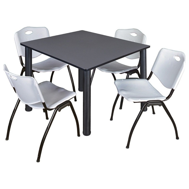 -Versatile table and chair set includes one 48-inch square table with black post legs and 4 Gray M Stack Chairs
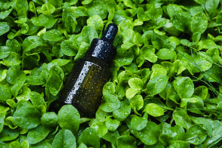 Green dropper bottle with black lid with drops on a green grass background. Natural sunshine and shadows. Skincare products, natural cosmetic. Beauty concept for face and body care
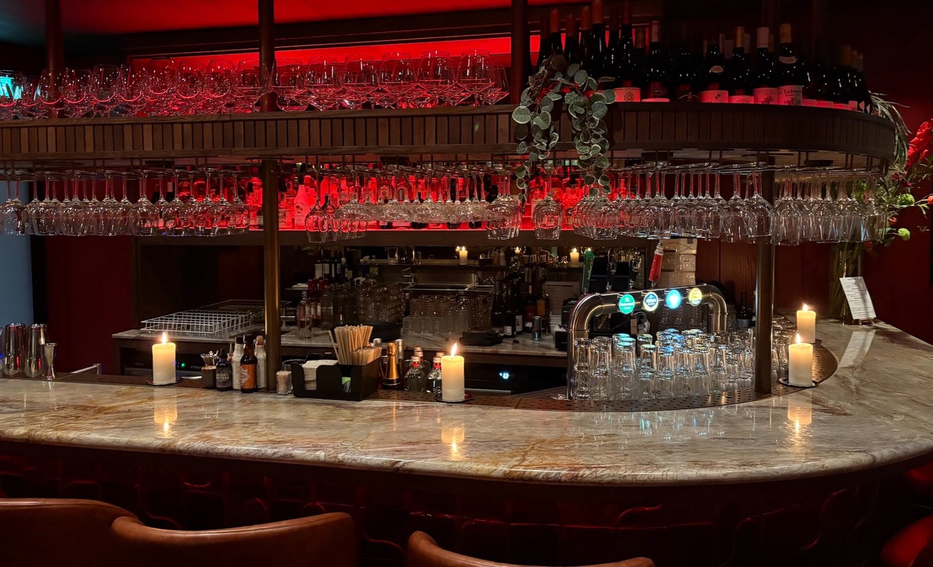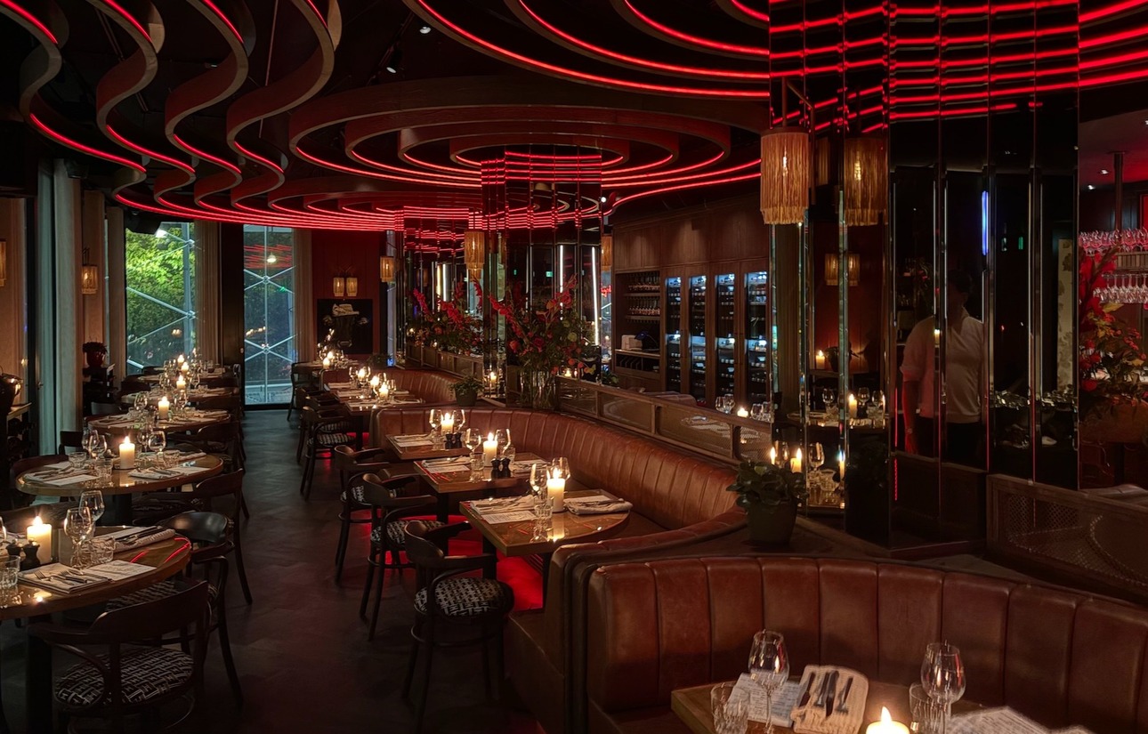 Via het grand café neem je de trap naar boven en kom je terecht in een sfeervol, sjiek interieur met bruin lederen banken. Met gedimd licht, rode plafondverlichting en kaarslicht op elke tafel heeft het de uitstraling van een high-end steakhouse. Wat ook de bedoeling was in de eerste opzet. Maar chef weg en werd er overgestapt naar een nieuw toegankelijker concept. Die van een betaalbare bistro. Slim gevonden, want iets betaalbaars vinden op het Leidseplein is een beetje als schatzoeken.

ABOUT THIS TASK
Transcribe the preceding listing in its entirety and with exact wording, leaving out pictures.

ANSWER BELOW
 -Versatile table and chair set includes one 48-inch square table with black post legs and 4 Gray M Stack Chairs
 Green dropper bottle with black lid with drops on a green grass background. Natural sunshine and shadows. Skincare products, natural cosmetic. Beauty concept for face and body care
 Via het grand café neem je de trap naar boven en kom je terecht in een sfeervol, sjiek interieur met bruin lederen banken. Met gedimd licht, rode plafondverlichting en kaarslicht op elke tafel heeft het de uitstraling van een high-end steakhouse. Wat ook de bedoeling was in de eerste opzet. Maar chef weg en werd er overgestapt naar een nieuw toegankelijker concept. Die van een betaalbare bistro. Slim gevonden, want iets betaalbaars vinden op het Leidseplein is een beetje als schatzoeken.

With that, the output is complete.